### WORK TO BE COMPLETED
Entries follow. Give back exactly the lines starting at the one containing "TAKALAR — Ribuan" and ending at the one containing "Комплект стіл та", and no other lines.

-- -- --

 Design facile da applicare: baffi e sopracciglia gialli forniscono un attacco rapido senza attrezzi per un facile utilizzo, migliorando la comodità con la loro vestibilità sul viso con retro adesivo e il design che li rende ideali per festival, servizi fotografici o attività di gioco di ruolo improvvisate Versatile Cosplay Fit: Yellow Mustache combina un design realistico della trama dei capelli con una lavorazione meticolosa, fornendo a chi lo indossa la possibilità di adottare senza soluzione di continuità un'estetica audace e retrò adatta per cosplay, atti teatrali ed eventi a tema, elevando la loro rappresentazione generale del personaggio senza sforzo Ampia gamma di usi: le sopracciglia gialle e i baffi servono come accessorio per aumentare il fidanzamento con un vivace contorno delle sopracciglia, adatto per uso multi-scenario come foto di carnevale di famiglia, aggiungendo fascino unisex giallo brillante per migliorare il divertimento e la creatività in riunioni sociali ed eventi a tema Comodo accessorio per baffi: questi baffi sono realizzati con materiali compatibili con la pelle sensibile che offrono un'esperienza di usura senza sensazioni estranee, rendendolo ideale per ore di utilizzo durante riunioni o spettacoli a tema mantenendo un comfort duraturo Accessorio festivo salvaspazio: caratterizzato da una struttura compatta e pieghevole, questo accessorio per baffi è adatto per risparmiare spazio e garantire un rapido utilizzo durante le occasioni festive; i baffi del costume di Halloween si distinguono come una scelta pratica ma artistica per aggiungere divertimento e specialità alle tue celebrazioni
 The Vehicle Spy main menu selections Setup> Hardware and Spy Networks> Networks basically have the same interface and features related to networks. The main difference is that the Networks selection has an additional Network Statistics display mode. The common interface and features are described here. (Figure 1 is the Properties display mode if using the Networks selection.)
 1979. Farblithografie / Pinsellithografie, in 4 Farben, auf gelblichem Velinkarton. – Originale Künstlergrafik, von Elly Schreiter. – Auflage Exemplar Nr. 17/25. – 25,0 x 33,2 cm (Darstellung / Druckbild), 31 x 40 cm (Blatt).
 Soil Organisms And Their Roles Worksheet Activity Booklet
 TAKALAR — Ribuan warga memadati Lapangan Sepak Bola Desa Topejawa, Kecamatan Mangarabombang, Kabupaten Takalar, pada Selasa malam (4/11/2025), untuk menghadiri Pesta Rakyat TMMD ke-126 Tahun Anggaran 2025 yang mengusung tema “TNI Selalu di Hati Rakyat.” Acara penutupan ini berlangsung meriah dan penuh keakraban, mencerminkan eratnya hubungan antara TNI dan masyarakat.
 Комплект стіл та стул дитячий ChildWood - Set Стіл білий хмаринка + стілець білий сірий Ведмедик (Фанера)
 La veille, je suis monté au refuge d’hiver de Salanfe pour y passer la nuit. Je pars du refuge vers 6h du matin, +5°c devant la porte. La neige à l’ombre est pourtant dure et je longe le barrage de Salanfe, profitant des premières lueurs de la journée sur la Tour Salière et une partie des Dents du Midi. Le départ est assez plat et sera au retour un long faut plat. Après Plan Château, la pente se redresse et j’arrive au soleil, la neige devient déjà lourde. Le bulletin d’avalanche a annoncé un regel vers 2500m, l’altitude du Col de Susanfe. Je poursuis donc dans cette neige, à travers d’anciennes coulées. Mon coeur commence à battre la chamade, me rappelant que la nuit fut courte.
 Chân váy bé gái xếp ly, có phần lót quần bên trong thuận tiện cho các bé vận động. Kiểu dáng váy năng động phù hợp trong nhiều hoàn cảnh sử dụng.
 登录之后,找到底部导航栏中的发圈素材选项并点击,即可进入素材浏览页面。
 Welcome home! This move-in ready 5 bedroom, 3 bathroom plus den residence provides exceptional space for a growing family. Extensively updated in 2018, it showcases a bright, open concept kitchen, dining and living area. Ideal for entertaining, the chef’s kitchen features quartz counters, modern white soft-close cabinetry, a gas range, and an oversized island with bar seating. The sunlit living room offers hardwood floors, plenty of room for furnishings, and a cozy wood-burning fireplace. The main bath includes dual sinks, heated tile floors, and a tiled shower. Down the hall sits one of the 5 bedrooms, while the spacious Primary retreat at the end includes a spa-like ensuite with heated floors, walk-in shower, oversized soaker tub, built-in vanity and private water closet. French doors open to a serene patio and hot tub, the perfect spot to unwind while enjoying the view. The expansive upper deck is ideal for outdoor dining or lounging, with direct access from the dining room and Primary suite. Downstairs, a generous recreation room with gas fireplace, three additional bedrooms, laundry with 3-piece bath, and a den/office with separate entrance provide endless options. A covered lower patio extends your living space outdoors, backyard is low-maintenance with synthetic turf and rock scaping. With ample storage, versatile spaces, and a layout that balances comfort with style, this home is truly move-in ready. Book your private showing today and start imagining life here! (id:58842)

-- -- --

### SOLUTION
 TAKALAR — Ribuan warga memadati Lapangan Sepak Bola Desa Topejawa, Kecamatan Mangarabombang, Kabupaten Takalar, pada Selasa malam (4/11/2025), untuk menghadiri Pesta Rakyat TMMD ke-126 Tahun Anggaran 2025 yang mengusung tema “TNI Selalu di Hati Rakyat.” Acara penutupan ini berlangsung meriah dan penuh keakraban, mencerminkan eratnya hubungan antara TNI dan masyarakat.
 Комплект стіл та стул дитячий ChildWood - Set Стіл білий хмаринка + стілець білий сірий Ведмедик (Фанера)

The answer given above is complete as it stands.